Data to use:
....

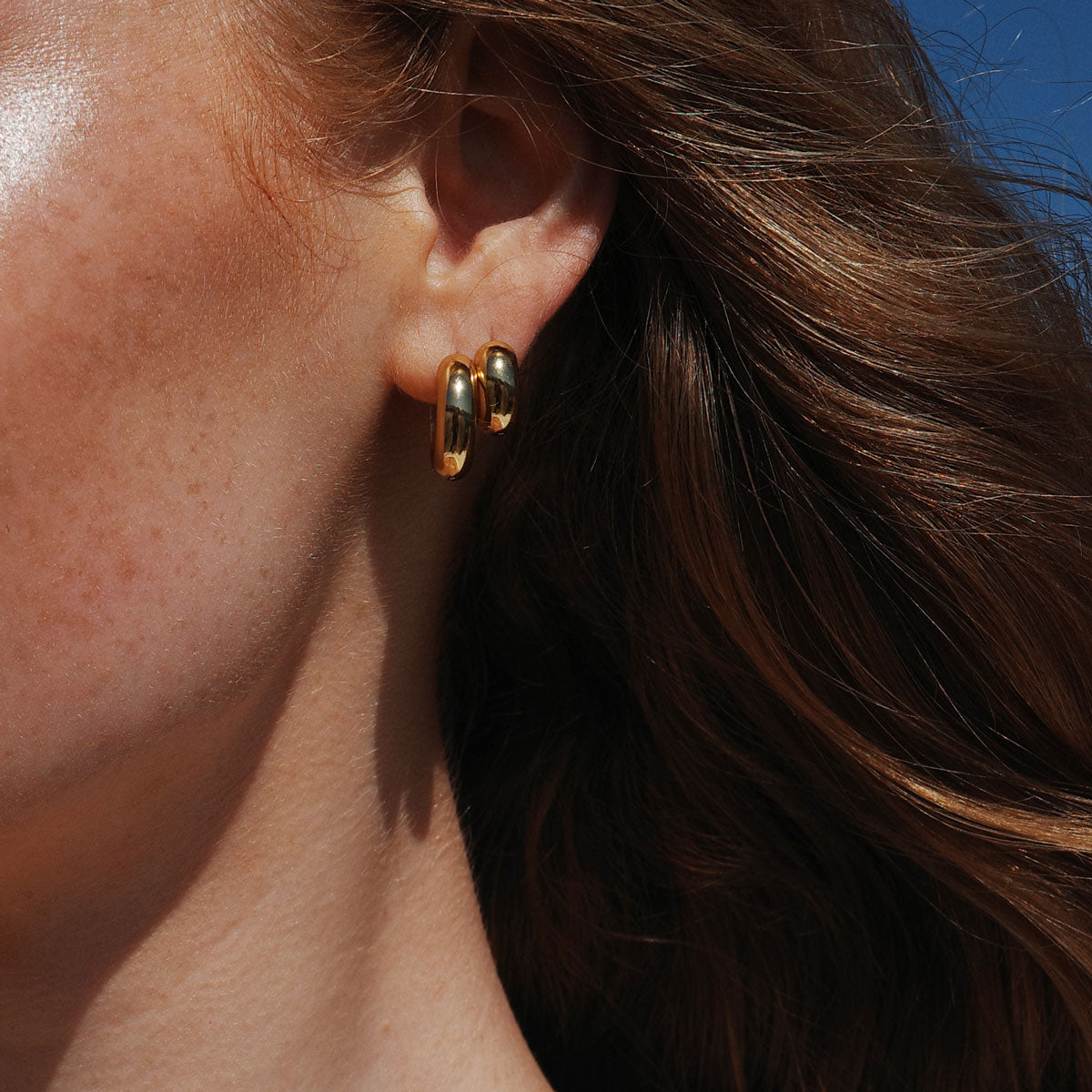 Vi elsker disse små øreringene! De kommer i gullbelagt stål og i stål. Velg mellom 13 mm og 17 mm størrelse. Praktisk click-lås. Våre smykker i stål har en tidløs, clean look og er kjent for å ha svært høy kvalitet.
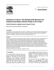 Choking on Fumes: The Relationship Between Air Pollution and Motor Vehicle Thefts in Ann Arbor Journal of Environmental Criminology and Atmospheric Chemistry Jan 2024 Reminder: This paper is AI-generated. Not real! |
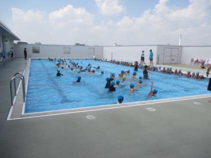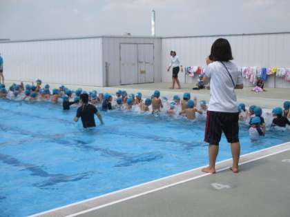 1年生のプールの時間です。夏休みにたくさん来た子、海や川で泳いだ子、いろいろですが、体育の学習「水遊び」では、みんな元気に活動していました。
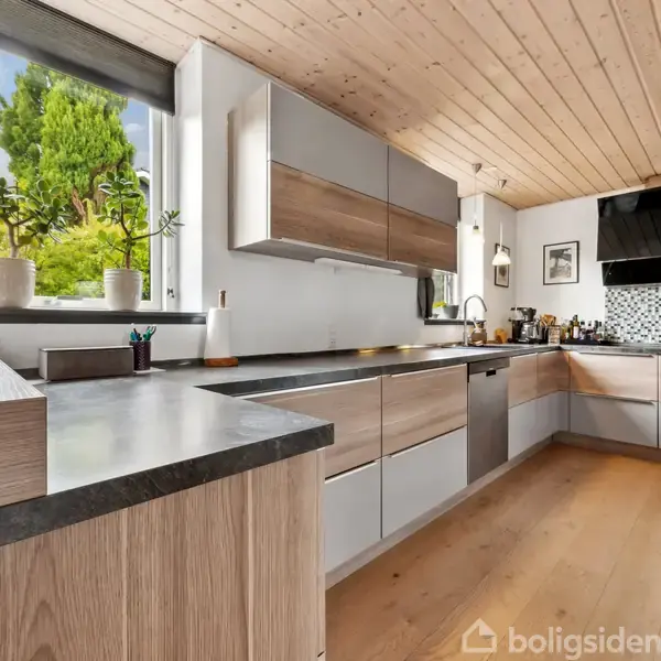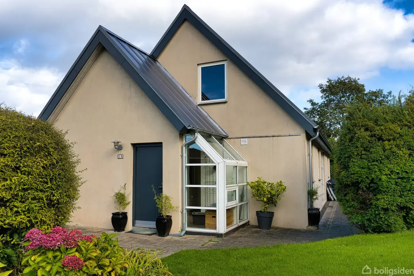 Planløsningen og de 156 m2 taler ind i den moderne børnefamilies behov for gode værelser og åbne leverum; den store have og solvendte terrasse indbyder til et dejligt udeliv; og adressen er noget så god i et område med rolige veje og nærhed til midtbyen.I stueplan kan I alle samles i den vinklede stue, der ligger i åben forbindelse til køkkenet og er som skræddersyet til, at I kan indrette jer med både sofamøbler og et spiseområde. Også køkkenet er meget rummeligt, og tilsammen danner de rammern
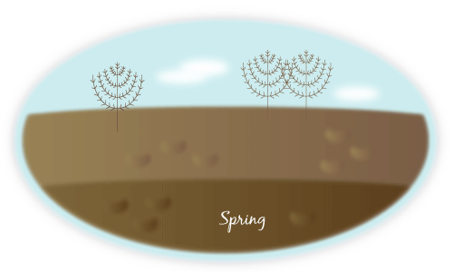 土手の枯れ草の下から生き生きし始めてるのを見て、旦那に訴えた(!?)
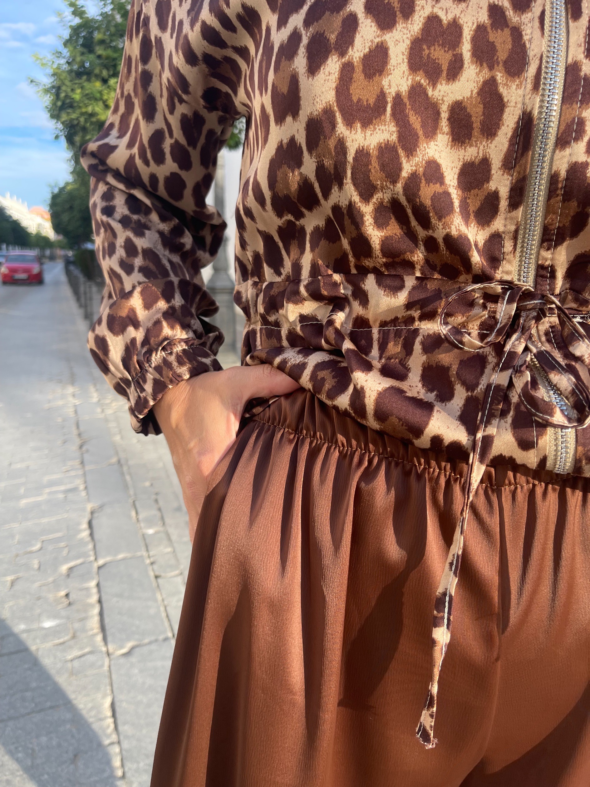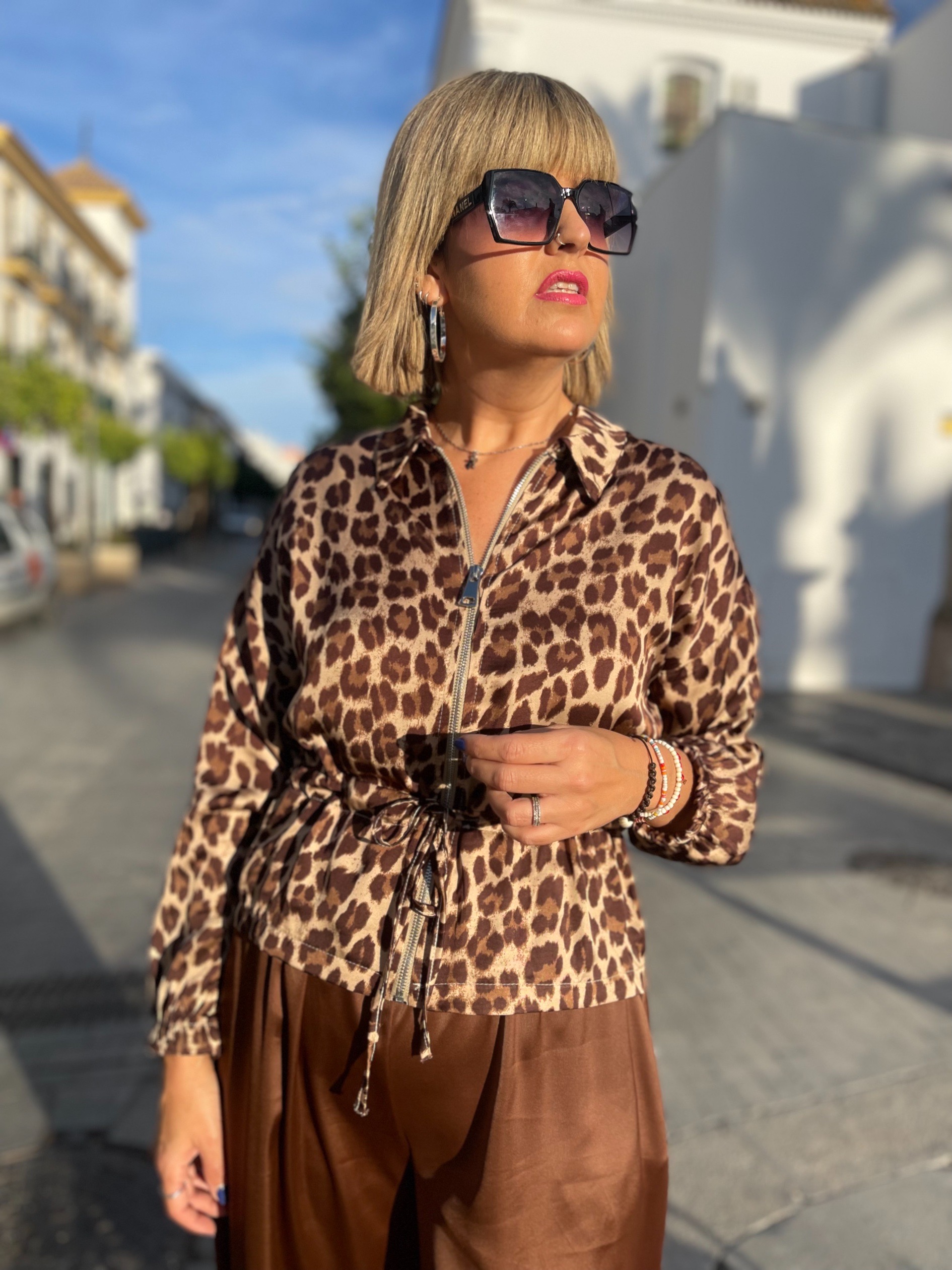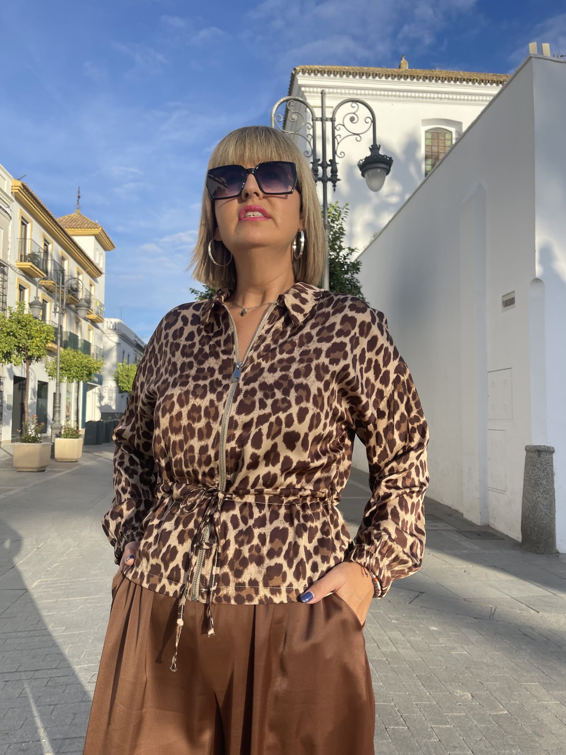Sé el primero en valorar “Chaqueta fruncida animal print marrón”

....

Work task: Everything in the records above must be repeated exactly, apart from the pictures.

Exercise output:
 Vi elsker disse små øreringene! De kommer i gullbelagt stål og i stål. Velg mellom 13 mm og 17 mm størrelse. Praktisk click-lås. Våre smykker i stål har en tidløs, clean look og er kjent for å ha svært høy kvalitet.
 Choking on Fumes: The Relationship Between Air Pollution and Motor Vehicle Thefts in Ann Arbor Journal of Environmental Criminology and Atmospheric Chemistry Jan 2024 Reminder: This paper is AI-generated. Not real! |
 1年生のプールの時間です。夏休みにたくさん来た子、海や川で泳いだ子、いろいろですが、体育の学習「水遊び」では、みんな元気に活動していました。
 Planløsningen og de 156 m2 taler ind i den moderne børnefamilies behov for gode værelser og åbne leverum; den store have og solvendte terrasse indbyder til et dejligt udeliv; og adressen er noget så god i et område med rolige veje og nærhed til midtbyen.I stueplan kan I alle samles i den vinklede stue, der ligger i åben forbindelse til køkkenet og er som skræddersyet til, at I kan indrette jer med både sofamøbler og et spiseområde. Også køkkenet er meget rummeligt, og tilsammen danner de rammern
 土手の枯れ草の下から生き生きし始めてるのを見て、旦那に訴えた(!?)
Sé el primero en valorar “Chaqueta fruncida animal print marrón”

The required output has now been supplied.